Так вот, он пришел однажды на запись фонограммы перед самым началом и увидел в руках одного из музыкантов маленькую гармошечку.

– Что это? – хмуро поинтересовался Бернес. Ему объяснили: это пневматическая гармоника. Называется – концертино.

– Что же, не смогли достать нормальный аккордеон? – спросил он зловеще.

Решили, что он шутит, вежливо посмеялись в ответ, но он вдруг закричал:

– Работаешь, все отдаешь, жизни не жалеешь, а тут такое отношение.

Его еле успокоили.

Я вижу за этим анекдотическим случаем не вздорность Бернеса, которая, быть может, иногда и была ему свойственна, а усталость и глубокую обиду. Сколько пришлось ему испытать несправедливых нападок, выслушать нелепых упреков и обвинений. И это при огромном, поистине народном признании. Он был новатором по натуре. Он одним из первых у нас взял в руки микрофон. Его обзывали шептуном, микрофонным певцом, как будто он хотел пробиться в оперу. Теперь микрофоном обязательно пользуются и самые голосистые.

У него был поразительный дар: он создавал песни. Он сам находил стихи или убеждал поэта написать нужное ему, Бернесу. Он, не зная нот, безошибочно угадывал мелодии, которые будут широко и долго петься, и буквально заставлял композиторов сочинять именно такую музыку. И что же? Стоило прозвучать очередной бернесовской песне, как ее тут же переписывали какимлибо голосовым певцом, и она звучала главным образом в новом исполнении.
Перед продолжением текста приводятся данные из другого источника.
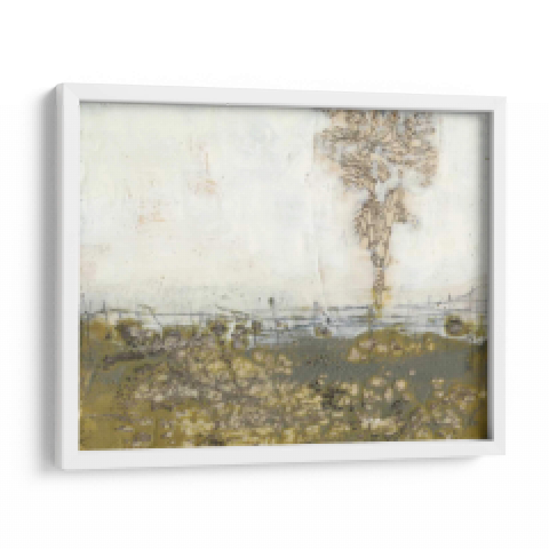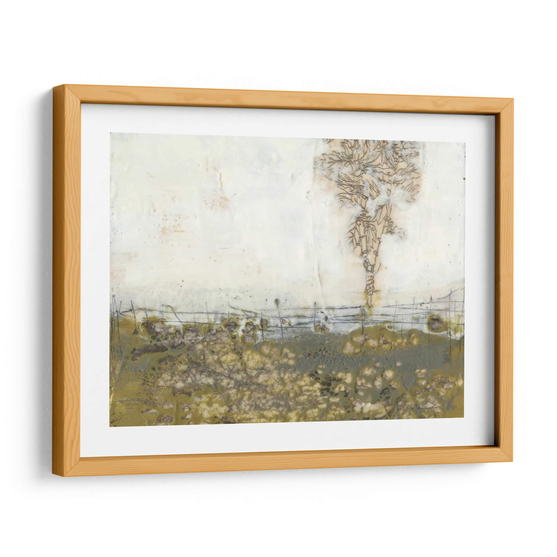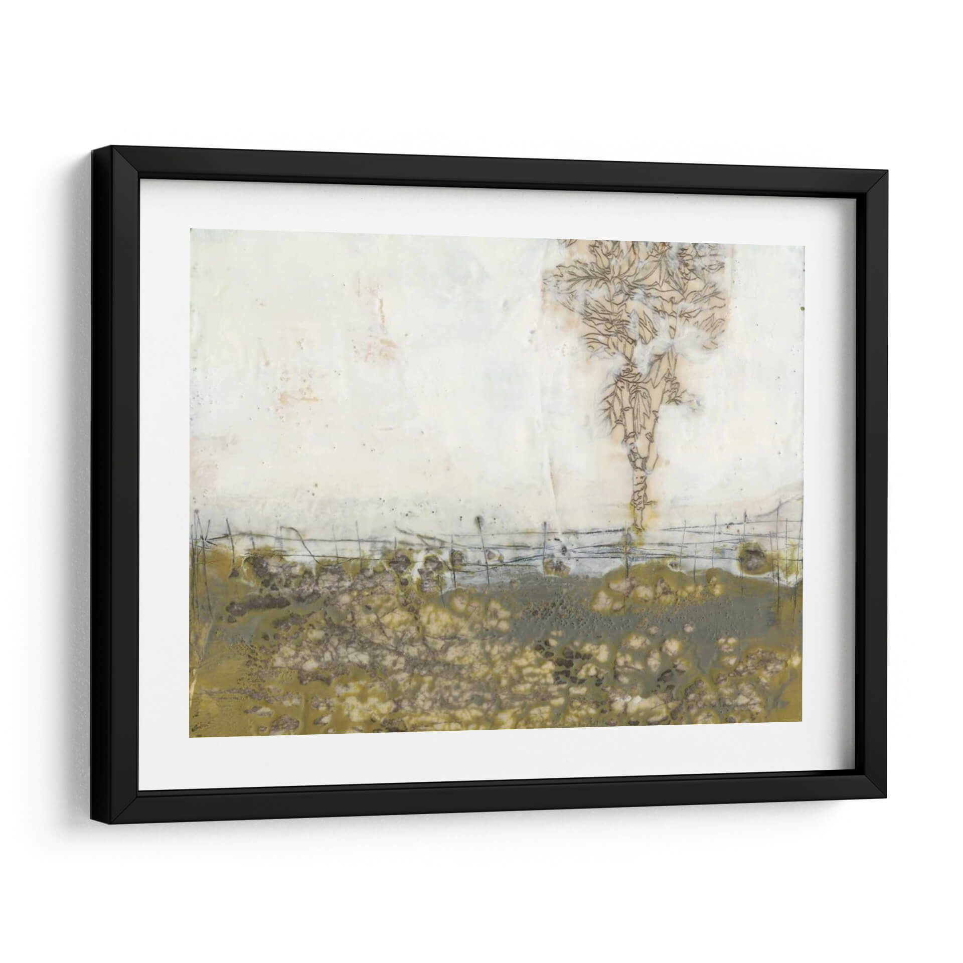 Sumérgete en la serena belleza de "Tundra Rústica I", una cautivadora obra de arte de Jennifer Goldberger que evoca la tranquilidad de un paisaje invernal o otoñal. La pieza presenta un árbol estilizado, delicadamente delineado en tonos tierra, que se alza contra un cielo pálido y texturizado. Debajo, un campo rústico se despliega con una paleta de ocres, verdes musgo y grises, salpicado de elementos orgánicos que sugieren la crudeza de la naturaleza. Una sutil línea de alambre o valla divide el primer plano del horizonte, añadiendo un toque de estructura a la composición orgánica. "Tundra Rústica I" es un cuadro decorativo que destila calma y una conexión profunda con la tierra. Su estilo abstracto-naturalista y su paleta de colores neutros y terrosos la convierten en una adición versátil para cualquier espacio. Ideal para salones, dormitorios o estudios que buscan un aire de sofisticación natural y un punto de contemplación serena. Esta obra invita a la reflexión y a la apreciación de la belleza sutil del mundo natural, aportando un elemento de paz y elegancia atemporal a tu decoración. Descubre la atmósfera única que Jennifer Goldberger ha capturado en este impresionante cuadro decorativo contemporáneo.

Другой бы отступился, а он и опять брался за это «не свое» дело и говорил в свойственной ему иронической манере:

– Пора уже нам что-нибудь сделать для Отса! Или:

– Не находишь, что у Кобзона не слишком хороший репертуар, а мы сидим сложа руки?

Он был настоящим артистом, художником, его ничего не могло сбить с толку. Время показало, что он был прав.

…А костюм действительно получился удачный. Сначала, как водится, он был выходной, парадный, потом стал служить мне чуть не каждый день. Я носил его долго и даже летал в нем на сибирские лесные пожары шестьдесят второго года. Он был хорош тем, что в нем еще вполне прилично было зайти к местному начальству и не жалко сидеть и лежать на земле.